Your task ▸
Before writing anything, find the line that contains "I got a girl named Bony Moronie. |", then retype the entries below exactly from their first line through that one, without pictures.

Supplied records ▸
= Beginning of Section =
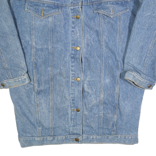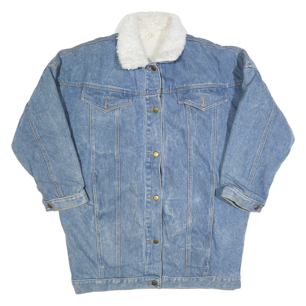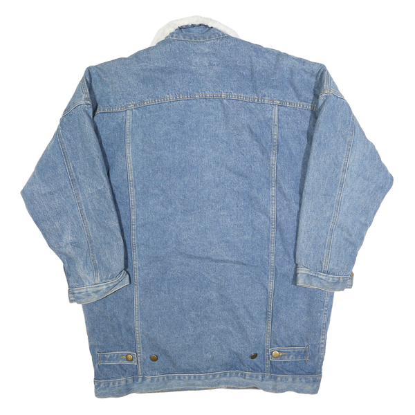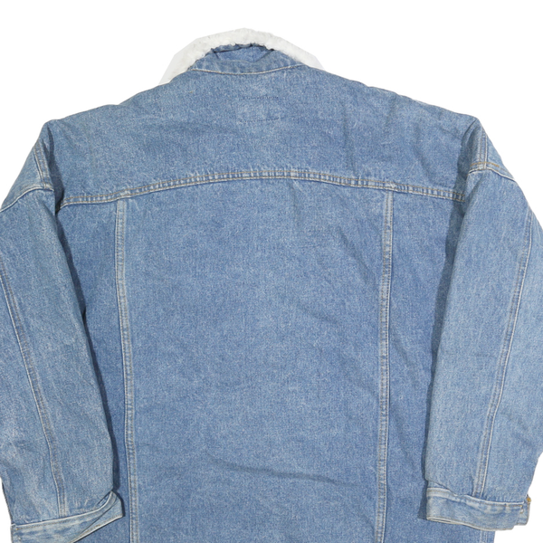 Womens Blue Denim Button Cotton Jacket M Plain Sherpa Collar Casual Winter
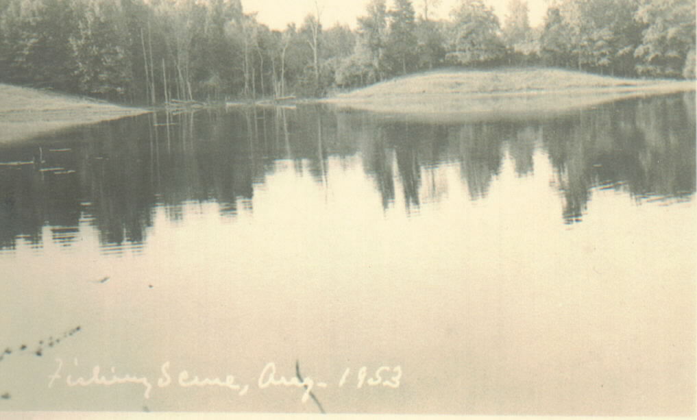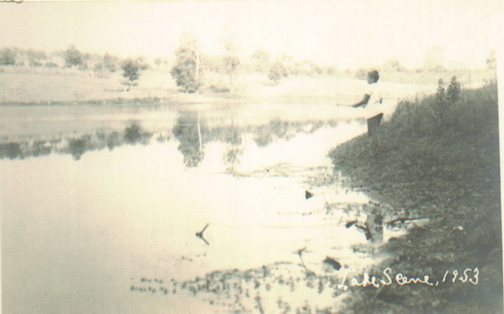 These photos were taken in August 1953 at the home of Will and Roxie Simpson in Arp. The photographer made the photos into postcards. This unknown lake is in the back of the home in Arp on William Becton Road. This lake is where my mother learned to fish.
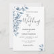 Eine trendige Hochzeitseinladung in weiß und staubblau. Ein schick weißer Hintergrund auf der Vorderseite. Die Einrichtung ist mit botanisch blauen Flecken und blauen Blättern gestaltet. Moderne, große handhabete Schrift, Typografie mit dem Text: Die Hochzeit von. Vorlagen für Namen und Hochzeitsdetails. Dunkelgrauer Text. Zurück: staubiger blauer Hintergrund.
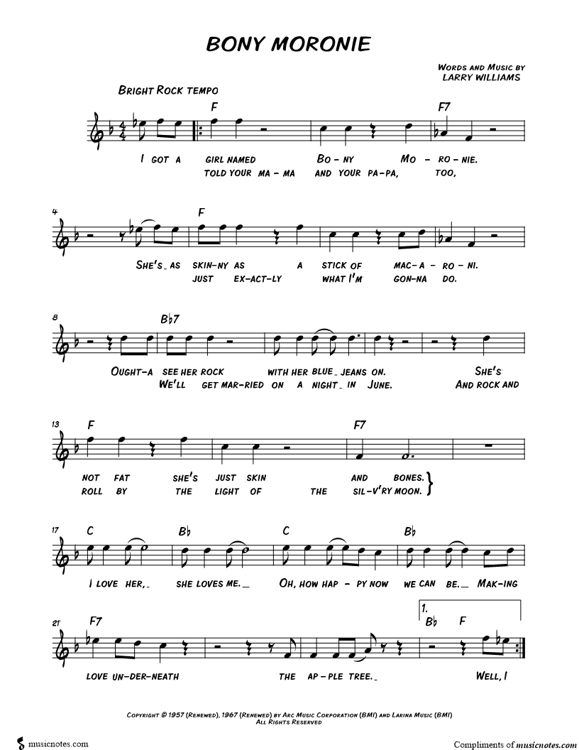 I got a girl named Bony Moronie. |
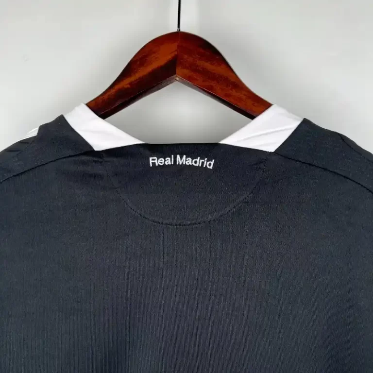 The Real Madrid 2008-09 Away Kit is a true celebration of the club’s football heritage, offering a stylish and bold look that perfectly blends classic jersey design with modern flair. Worn by iconic players such as Cristiano Ronaldo, Kaka, and Raúl, this retro kit showcases the team’s commitment to excellence during a season filled with memorable moments. Featuring a striking black base with subtle details and gold accents, this vintage jersey embodies the elegance and power of Real Madrid’s away kits. A must-have for fans, this classic kit is a timeless piece that continues to honor the club’s rich football legacy.
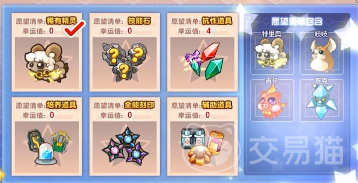每次许愿的结果并非完全随机,而是有一定的概率机制在其中,如果大家在一次许愿中没有抽到心仪的物品,也不用担心,因为每失败一次系统都会为大家增加幸运值,它会随着许愿失败的次数逐渐累积,而幸运值越高,下次许愿时获得物品的概率也就越大,也就是说随着大家参与活动的次数增多,获得珍贵物品的机会也会相应增加。
= End of Section =
Task response ▸
 Womens Blue Denim Button Cotton Jacket M Plain Sherpa Collar Casual Winter
 These photos were taken in August 1953 at the home of Will and Roxie Simpson in Arp. The photographer made the photos into postcards. This unknown lake is in the back of the home in Arp on William Becton Road. This lake is where my mother learned to fish.
 Eine trendige Hochzeitseinladung in weiß und staubblau. Ein schick weißer Hintergrund auf der Vorderseite. Die Einrichtung ist mit botanisch blauen Flecken und blauen Blättern gestaltet. Moderne, große handhabete Schrift, Typografie mit dem Text: Die Hochzeit von. Vorlagen für Namen und Hochzeitsdetails. Dunkelgrauer Text. Zurück: staubiger blauer Hintergrund.
 I got a girl named Bony Moronie. |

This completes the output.